Ехали долго, больше трёх часов, Шурочка успела даже подремать в машине, так что в каком направлении был их путь, не заметила. Только остановившись около калитки низенького забора, огораживающего участок с аккуратными, расчерченными как по линейке, клумбами цветов, перерезанными прямыми дорожками, и небольшим двухэтажным домом – то ли чья-то дача, то ли частное жилище, разжал губы и соизволил объяснить:
– Тут живёт немецкая семья моего деда.
Шурочка не успела даже толком удивиться, как они вошли в дом, и оказались в окружении множества лиц. Здесь было около десятка людей самых разных возрастов, запомнить сразу – кто есть кто, было нереально. И Шурочка сосредоточилась на двух персонажах – самой пожилой женщине в инвалидном кресле, очень эмоционально отреагировавшей на их появление, вернее, на появление Тимура Георгиевича (конечно, причём тут она, Шурочка? Она ведь только безликий переводчик) и молодого человека примерно её возраста, который не только представил всех членов одной семьи (немецкой семьи деда Тимура Георгиевича), но и в дальнейшем взял на себя почти весь разговор.
Питер, так звали молодого человека, оказался младшим внуком фрау Андерс, той самой дамы преклонного возраста. Он же, как оказалось, помог гроссмутер разыскать в далёкой России Тимура Георгиевича и был единственным, кто знал историю их семьи со слов бабушки. Для остальных её членов известие, что их любимый отец, дедушка и прадедушка был русским, стало шоком, от которого они ещё не отошли, судя по их перевёрнутым лицам.
А у Шурочки и Тимура Георгиевича застыли лица, как только они услышали начало истории семьи Андерс с момента знакомства 27-ти летней немки Агнешки Боден и 20-ти летнего солдата советской армии, бывшего танкиста, Петра Рыбникова2. Их шокировало не только место знакомства – концентрационный лагерь Флоссенбюрг3, где Агнешка работала, но больше всего то, каким бесстрастным и спокойным тоном Питер об этом рассказывал. Как о самой обыкновенной работе кассирши в магазине или продавщицы мороженого!
…Пётр Рыбников поступил в лагерь в июне 1944 года. К этому времени Советская армия уже почти полностью освободила территорию СССР, но немцы ещё верили, что они не победимы. А вот гонения на советских военнопленных в концентрационных лагерях усилилось. Их отправляли в печи крематориев нескончаемым потоком наряду с евреями.

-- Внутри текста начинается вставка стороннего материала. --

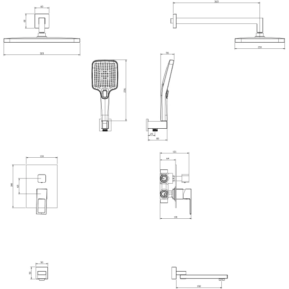 Аэратор, Душевой шланг, Душевая лейка, Подключение для душевого шланга с держателем, Верхний душ, Излив, Скрытая монтажная часть, Смеситель, Кронштейн
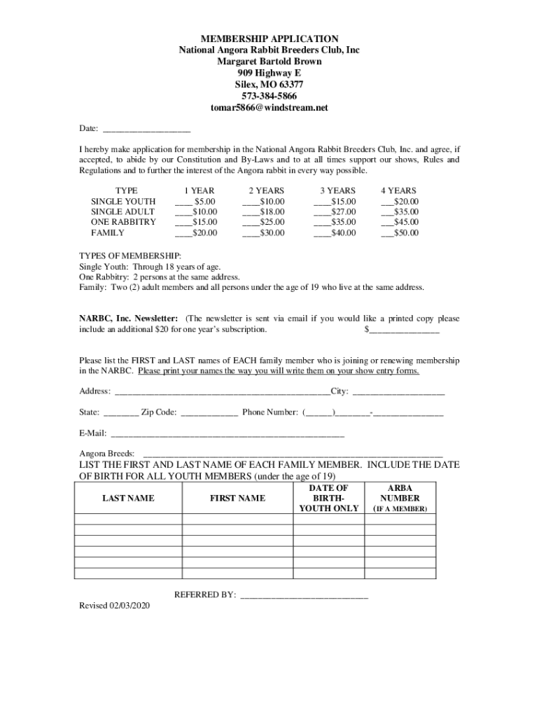 MEMBERSHIP APPLICATION National Angora Rabbit Breeders Club, Inc Margaret Bar told Brown 909 Highway E Side, MO 63377 5733845866 tomar5866@windstream.net Date: ___ I hereby make application for membership
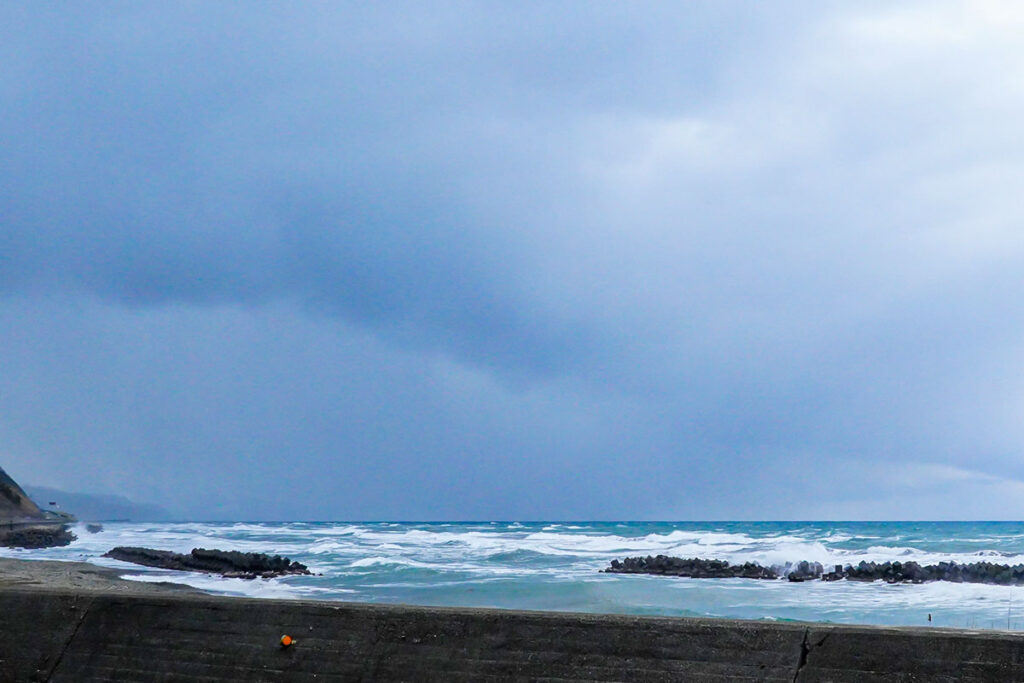 1両編成の列車が走る第三セクター(旧北陸本線)の無人駅である名立駅を降り、ひたすら国道8号線を歩くこと約20分。冬の日本海から吹き付ける風は冷たく、鉛色の空と白い波しぶきが、旅情を通り越してある種の厳しさを感じさせます。
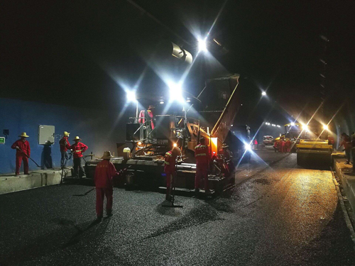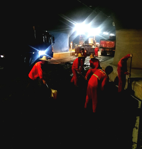 在施工现场,广大路桥工人勇挑重担,鼓足干劲,为老区建设贡献汗水和力量。截止发稿,该隧道铺油施工仍在紧张有序进行中。
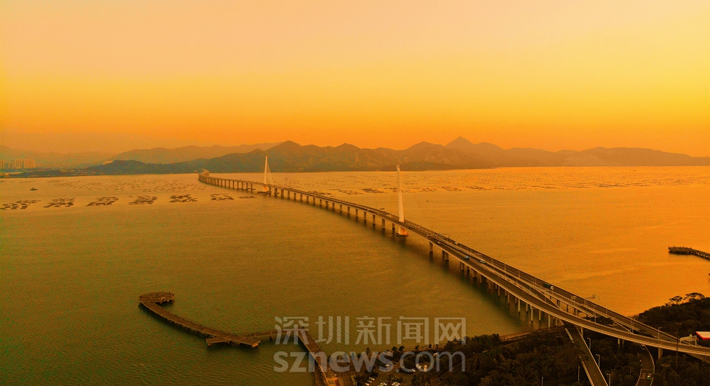 夕陽下的深圳灣大橋

Игра Петра на гармони в местной самодеятельности (было и такое, когда немецкое начальство концлагерей, считающее себя великими эстетами, собирало оркестры из пленных, умеющих играть на музыкальных инструментах. Особенно им нравилось заставлять их играть перед дверями крематориев) уже не гарантировало ему спасение от смерти в печи, и Агнешке приходилось выкупать приглянувшегося ей русского паренька у коменданта лагеря. Такое произошло дважды из-за смены руководства лагеря.
В апреле 45-го лагерь Флоссенбюрг срочно эвакуировался в Дахау из-за того, что с востока фашистские войска теснила Советская армия, а с запада – союзническая армия США. Агнешка работала машинисткой при коменданте лагеря оберштурмбанфюрере СС Мартине Готтфриде Вайсе, и потому ей удалось воспользоваться неразберихой во время поспешной эвакуации и выправить документы Петра Рыбникова на бывшего бродягу из Гамбурга Питера Андерса.

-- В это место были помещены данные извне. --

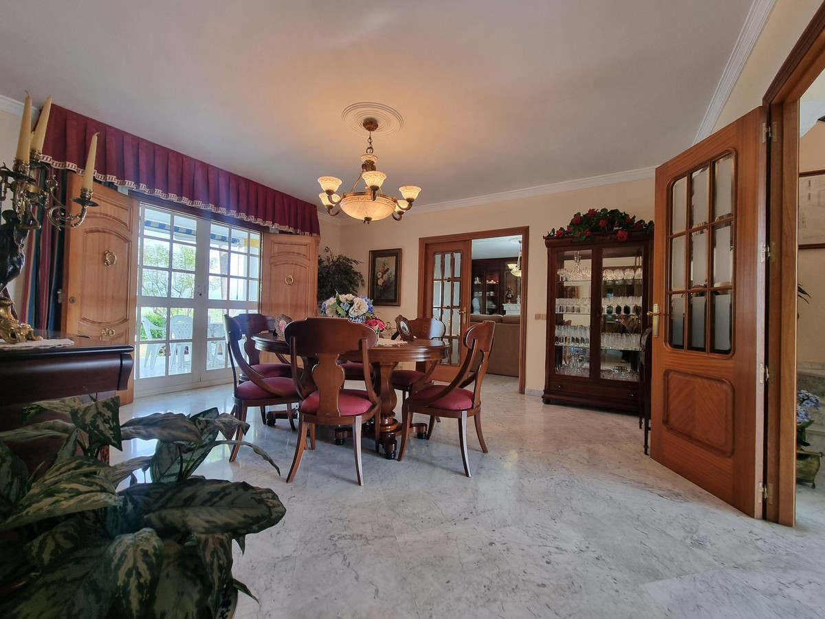 • Ground floor: beautiful entrance hall, large living room with fireplace, and access to a front terrace with views. The dining room also connects to a pleasant rear terrace with direct access to the pool and gardens. This floor also includes an independent kitchen, a full bathroom, and one bedroom.
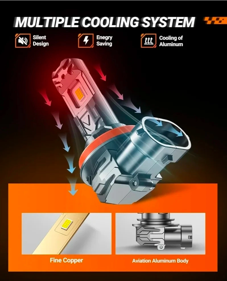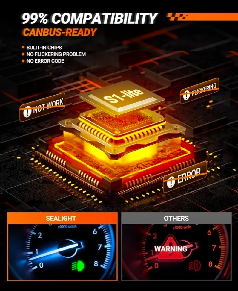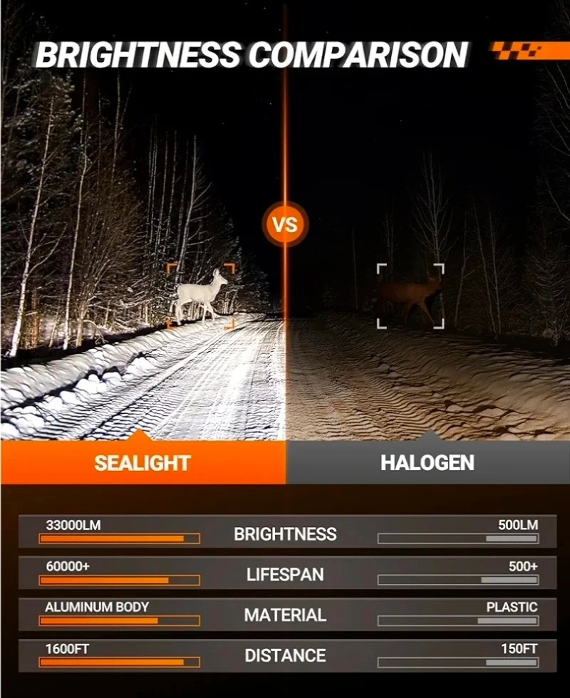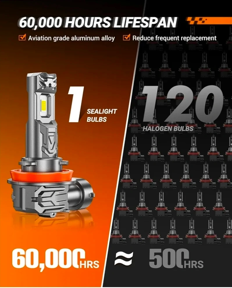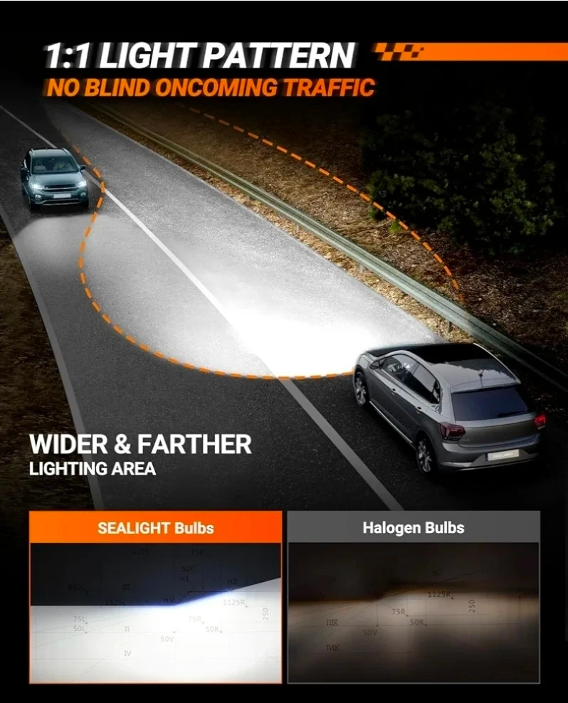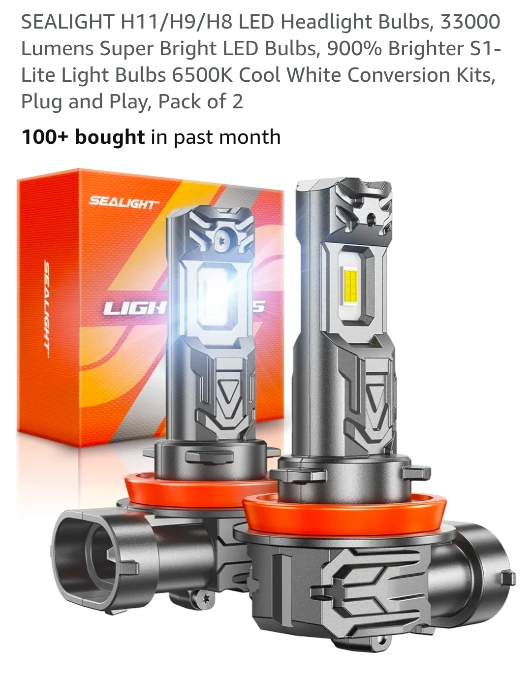 Selling a new pack of SEALIGHT H11/H9/H8 LED Headlight Bulbs! These bulbs are super bright and provide 33000 Lumens. They are 900% brighter than standard bulbs and feature S1-Lite technology. They are designed for plug and play installation and come in a pack of 2. The bulbs have a 6500K cool white conversion kit and are CANBUS-ready, meaning they have built-in chips to prevent flickering and error codes. They also feature a multiple cooling system with a silent design, energy saving technology, and aluminum cooling. They have a fine copper element and an aviation aluminum body.

В концлагерь Дахау они не доехали, сбежали по дороге. Бежали и бежали дальше на юг, лавируя по линии фронта. Прячась и от немцев, и от русских. Попадись они в лапы немцев, обоим грозила бы смерть, как уклонистам и предателям. Попав в плен к русским, участь Агнешки, как сотрудницы концлагеря, была бы решена одним выстрелом, а Петра, если бы выяснилось, кто он такой, в лучшем случае ожидала ссылка куда-нибудь под Магадан. Так что беглецы решили бежать на юго-запад, где уже хозяйничала американская армия.
По дороге в городке Мемминген Агнешка и Питер обвенчались в Kreuzherrenkirche (церковь Креста Господня). Так исчезла Агнешка Боден и появилась чета мирных немецких обывателей Агнешка и Питер Андерс. Их документы не вызвали подозрения у американских оккупационных властей.
И стали они жить-поживать и добра наживать, как говорится в русской народной присказке. Нажили двух детей – Вальтера и Белинду, шестеро внуков, одним из которых и был Питер, названный в честь деда, и двух правнуков (пока). Правнуков Питер-старший уже не увидел. Умер тихо, как и жил – замкнуто, молчаливо. Не любил шумных компаний, с соседями почти не общался, его голос даже в семье звучал редко.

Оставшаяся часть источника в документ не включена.